Coin Change — unbounded knapsack, minimum coins
Coin Change — unbounded knapsack, minimum coins
You have coin denominations [1, 2, 5] and need to make 11. Greedy says 5+5+1 = three coins. Greedy fails on [1, 3, 4] making 6: it grabs 4 then two 1s (three coins), missing 3+3 (two coins). DP fixes this by considering every choice at every amount.
The pattern
Let dp[a] = min coins to make amount a. For each amount, try every denomination — if the coin fits, the answer is dp[a - c] + 1. Take the min across coins.
Base case: dp[0] = 0. Everything else starts at a sentinel amount + 1 (larger than any real answer). At the end, sentinel = -1.
This is the unbounded knapsack template: unlimited copies of each item, minimize an objective. Contrast with 0/1 knapsack where each item is used at most once.
Loop order
For min coins it doesn't matter.
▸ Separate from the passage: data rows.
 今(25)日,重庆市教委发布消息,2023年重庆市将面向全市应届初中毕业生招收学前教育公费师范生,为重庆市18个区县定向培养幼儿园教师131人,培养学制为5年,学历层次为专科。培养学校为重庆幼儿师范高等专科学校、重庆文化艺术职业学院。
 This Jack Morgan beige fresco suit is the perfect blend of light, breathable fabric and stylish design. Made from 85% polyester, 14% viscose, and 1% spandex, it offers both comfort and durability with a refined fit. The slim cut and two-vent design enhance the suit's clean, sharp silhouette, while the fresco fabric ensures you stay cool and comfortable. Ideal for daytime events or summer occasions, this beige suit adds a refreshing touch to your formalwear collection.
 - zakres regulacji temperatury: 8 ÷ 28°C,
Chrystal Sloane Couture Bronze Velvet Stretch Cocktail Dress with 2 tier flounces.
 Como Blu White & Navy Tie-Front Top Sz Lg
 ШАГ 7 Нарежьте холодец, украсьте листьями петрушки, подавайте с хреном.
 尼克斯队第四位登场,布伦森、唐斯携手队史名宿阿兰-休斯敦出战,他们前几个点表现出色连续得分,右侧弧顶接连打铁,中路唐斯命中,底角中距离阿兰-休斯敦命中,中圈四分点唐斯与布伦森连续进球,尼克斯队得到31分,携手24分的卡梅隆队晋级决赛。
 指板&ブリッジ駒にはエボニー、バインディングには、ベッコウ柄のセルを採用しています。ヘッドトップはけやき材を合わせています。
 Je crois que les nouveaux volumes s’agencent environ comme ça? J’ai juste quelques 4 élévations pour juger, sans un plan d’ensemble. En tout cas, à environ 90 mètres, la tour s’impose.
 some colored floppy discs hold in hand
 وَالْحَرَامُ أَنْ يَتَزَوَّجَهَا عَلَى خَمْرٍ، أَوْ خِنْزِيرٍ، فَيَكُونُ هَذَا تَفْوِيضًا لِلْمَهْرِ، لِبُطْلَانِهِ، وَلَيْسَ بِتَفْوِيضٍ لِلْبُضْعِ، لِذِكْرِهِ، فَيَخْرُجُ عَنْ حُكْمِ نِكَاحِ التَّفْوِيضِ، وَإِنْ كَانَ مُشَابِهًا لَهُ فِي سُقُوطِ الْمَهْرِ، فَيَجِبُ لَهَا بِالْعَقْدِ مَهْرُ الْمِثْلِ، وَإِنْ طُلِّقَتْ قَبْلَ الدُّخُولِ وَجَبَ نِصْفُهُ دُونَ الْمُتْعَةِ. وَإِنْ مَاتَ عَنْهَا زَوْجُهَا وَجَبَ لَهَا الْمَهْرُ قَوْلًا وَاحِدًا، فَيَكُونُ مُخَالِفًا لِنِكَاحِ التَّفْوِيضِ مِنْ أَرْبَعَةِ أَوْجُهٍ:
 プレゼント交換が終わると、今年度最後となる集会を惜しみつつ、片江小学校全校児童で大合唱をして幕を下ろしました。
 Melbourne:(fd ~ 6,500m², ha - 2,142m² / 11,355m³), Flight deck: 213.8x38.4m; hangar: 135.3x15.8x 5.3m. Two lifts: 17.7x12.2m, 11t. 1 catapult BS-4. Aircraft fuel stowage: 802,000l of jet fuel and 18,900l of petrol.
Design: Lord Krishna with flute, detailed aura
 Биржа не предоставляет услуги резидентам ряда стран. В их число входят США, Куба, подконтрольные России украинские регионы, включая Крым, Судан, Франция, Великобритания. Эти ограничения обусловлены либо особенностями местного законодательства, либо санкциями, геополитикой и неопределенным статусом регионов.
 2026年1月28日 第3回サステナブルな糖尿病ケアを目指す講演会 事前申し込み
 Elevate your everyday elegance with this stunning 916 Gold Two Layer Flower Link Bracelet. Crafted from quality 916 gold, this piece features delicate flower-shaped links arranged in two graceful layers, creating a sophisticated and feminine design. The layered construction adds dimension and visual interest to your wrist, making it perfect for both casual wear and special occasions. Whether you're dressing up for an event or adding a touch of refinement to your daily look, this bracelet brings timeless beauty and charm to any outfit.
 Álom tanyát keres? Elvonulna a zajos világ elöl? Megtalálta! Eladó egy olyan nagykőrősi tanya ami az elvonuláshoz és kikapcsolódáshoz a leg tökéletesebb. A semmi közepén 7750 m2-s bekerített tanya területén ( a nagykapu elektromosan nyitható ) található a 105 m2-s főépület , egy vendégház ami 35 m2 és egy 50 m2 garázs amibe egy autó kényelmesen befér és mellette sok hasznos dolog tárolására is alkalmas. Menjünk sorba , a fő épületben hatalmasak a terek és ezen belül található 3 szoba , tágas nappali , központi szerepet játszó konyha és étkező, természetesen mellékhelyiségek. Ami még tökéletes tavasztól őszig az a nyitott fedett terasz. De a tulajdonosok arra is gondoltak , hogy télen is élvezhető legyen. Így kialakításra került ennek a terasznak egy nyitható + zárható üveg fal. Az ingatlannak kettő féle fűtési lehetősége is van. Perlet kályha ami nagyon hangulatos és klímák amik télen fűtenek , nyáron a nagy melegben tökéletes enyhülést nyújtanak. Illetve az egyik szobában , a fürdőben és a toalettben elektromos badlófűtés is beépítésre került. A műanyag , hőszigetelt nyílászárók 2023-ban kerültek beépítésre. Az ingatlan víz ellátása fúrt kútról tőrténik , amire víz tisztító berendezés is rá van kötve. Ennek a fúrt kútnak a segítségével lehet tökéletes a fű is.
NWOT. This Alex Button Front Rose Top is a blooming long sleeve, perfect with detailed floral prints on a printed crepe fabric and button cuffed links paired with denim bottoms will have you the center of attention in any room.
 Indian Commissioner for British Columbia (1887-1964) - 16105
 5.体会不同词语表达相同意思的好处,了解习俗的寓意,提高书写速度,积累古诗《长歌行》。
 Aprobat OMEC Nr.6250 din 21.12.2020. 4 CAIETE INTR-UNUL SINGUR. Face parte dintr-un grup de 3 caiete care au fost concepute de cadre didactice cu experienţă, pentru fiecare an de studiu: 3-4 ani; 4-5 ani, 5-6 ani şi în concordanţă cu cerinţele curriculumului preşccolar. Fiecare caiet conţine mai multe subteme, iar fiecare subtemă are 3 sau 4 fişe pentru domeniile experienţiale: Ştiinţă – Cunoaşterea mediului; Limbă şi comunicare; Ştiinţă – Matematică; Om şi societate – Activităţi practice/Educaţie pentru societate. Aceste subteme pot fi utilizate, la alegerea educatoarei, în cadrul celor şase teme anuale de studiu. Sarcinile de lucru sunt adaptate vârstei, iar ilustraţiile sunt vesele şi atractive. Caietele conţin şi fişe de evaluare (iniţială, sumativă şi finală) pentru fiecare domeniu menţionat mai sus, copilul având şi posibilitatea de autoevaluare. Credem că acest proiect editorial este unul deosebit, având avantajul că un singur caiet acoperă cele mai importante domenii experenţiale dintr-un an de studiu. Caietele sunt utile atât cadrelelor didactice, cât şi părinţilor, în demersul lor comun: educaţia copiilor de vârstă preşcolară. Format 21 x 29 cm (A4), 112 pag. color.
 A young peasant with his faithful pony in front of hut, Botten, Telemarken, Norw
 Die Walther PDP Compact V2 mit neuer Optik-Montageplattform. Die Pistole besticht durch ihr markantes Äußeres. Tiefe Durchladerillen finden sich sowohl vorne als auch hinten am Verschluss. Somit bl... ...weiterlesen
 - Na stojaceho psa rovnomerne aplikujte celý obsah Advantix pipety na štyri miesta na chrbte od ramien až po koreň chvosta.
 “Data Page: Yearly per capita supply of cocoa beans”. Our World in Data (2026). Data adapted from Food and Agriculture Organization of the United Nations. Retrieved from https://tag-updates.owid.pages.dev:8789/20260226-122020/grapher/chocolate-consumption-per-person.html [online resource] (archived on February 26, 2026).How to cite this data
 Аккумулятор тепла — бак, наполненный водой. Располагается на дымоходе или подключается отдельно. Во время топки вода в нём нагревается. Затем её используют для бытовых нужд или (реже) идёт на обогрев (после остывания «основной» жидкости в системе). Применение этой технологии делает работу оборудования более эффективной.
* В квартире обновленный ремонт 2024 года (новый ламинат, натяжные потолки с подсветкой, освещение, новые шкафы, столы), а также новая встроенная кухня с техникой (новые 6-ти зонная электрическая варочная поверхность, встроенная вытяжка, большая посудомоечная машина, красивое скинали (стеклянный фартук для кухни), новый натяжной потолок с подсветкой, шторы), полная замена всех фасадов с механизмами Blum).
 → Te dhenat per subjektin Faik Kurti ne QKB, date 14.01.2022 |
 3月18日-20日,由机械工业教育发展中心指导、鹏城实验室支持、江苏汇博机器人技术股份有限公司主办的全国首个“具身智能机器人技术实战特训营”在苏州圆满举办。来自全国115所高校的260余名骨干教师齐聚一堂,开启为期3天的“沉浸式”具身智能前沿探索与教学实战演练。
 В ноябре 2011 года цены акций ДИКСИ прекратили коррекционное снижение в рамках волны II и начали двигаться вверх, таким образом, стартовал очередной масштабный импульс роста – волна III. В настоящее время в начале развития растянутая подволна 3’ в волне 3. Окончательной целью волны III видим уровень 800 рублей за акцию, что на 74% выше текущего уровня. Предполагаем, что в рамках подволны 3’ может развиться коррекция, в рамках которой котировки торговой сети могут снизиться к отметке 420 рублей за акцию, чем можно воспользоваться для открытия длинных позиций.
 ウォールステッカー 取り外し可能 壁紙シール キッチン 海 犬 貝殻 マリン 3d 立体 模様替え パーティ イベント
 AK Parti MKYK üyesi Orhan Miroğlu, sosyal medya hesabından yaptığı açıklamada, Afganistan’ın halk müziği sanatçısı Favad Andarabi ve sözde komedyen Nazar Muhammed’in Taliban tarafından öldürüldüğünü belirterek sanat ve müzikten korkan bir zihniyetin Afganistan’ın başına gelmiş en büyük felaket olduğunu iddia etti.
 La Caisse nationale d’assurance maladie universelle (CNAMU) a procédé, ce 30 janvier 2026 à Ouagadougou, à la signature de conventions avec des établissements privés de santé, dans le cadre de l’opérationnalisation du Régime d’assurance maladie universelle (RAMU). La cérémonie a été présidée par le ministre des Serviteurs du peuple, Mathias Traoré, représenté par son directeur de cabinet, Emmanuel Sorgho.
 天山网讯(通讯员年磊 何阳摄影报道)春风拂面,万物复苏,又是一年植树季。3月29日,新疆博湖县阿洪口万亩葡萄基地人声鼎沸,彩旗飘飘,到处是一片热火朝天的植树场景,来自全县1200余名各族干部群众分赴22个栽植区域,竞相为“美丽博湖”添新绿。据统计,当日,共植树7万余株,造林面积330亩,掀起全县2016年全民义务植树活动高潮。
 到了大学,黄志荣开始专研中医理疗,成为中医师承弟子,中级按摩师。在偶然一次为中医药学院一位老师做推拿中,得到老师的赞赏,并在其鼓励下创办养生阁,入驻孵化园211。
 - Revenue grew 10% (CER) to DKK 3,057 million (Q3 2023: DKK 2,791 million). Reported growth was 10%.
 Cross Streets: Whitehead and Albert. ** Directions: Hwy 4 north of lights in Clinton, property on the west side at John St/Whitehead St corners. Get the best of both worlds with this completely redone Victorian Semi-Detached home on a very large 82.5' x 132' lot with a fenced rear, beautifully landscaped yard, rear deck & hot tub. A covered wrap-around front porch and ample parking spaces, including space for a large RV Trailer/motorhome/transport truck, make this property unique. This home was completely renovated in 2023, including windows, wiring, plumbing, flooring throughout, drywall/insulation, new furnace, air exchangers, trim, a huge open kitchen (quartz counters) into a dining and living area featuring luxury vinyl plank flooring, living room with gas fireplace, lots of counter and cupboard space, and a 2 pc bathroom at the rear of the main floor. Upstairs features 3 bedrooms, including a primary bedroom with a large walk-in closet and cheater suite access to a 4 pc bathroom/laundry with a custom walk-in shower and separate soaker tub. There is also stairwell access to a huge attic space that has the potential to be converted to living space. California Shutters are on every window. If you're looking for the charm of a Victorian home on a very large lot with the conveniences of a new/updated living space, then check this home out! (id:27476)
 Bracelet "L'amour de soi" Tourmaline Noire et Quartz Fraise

But for counting ways:
- Amounts outside, coins inside → permutations (1+2 ≠ 2+1).
- Coins outside, amounts inside → combinations (1+2 = 2+1).
Interviewers ask both. Remember the fix is a single line swap.
Common pitfalls
- Greedy shortcuts. US/INR coin systems happen to be canonical (greedy works). Arbitrary denominations require DP.
- Off-by-one on table size. Need
amount + 1slots. - Negative or zero coin values aren't handled — validate inputs.
Complexity
Time O(amount × len(coins)); space O(amount). Pseudo-polynomial — scales with the value, not the input bits.
Try it
- Write
coin_change_ways(coins, amount)returning number of distinct combinations. Test([1, 2, 5], 5)→ 4 ways. - Modify
coin_changeto also return one optimal list of coins used.
3 graded exercises
Write the code, click Check. We’ll tell you exactly what to fix.
- Exercise 1
Write
min_coins(coins, amount)that returns the fewest coins needed to make the given amount. Return -1 if it cannot be made. You have an unlimited supply of each denomination. - Exercise 2
Write
count_ways(coins, amount)that returns the number of distinct combinations of coins that add up to the amount. Order does not matter, so [1, 2] and [2, 1] count once. - Exercise 3
Write
count_ordered_ways(coins, amount)that counts ordered sequences of coins summing to the amount. Here [1, 2] and [2, 1] are different sequences.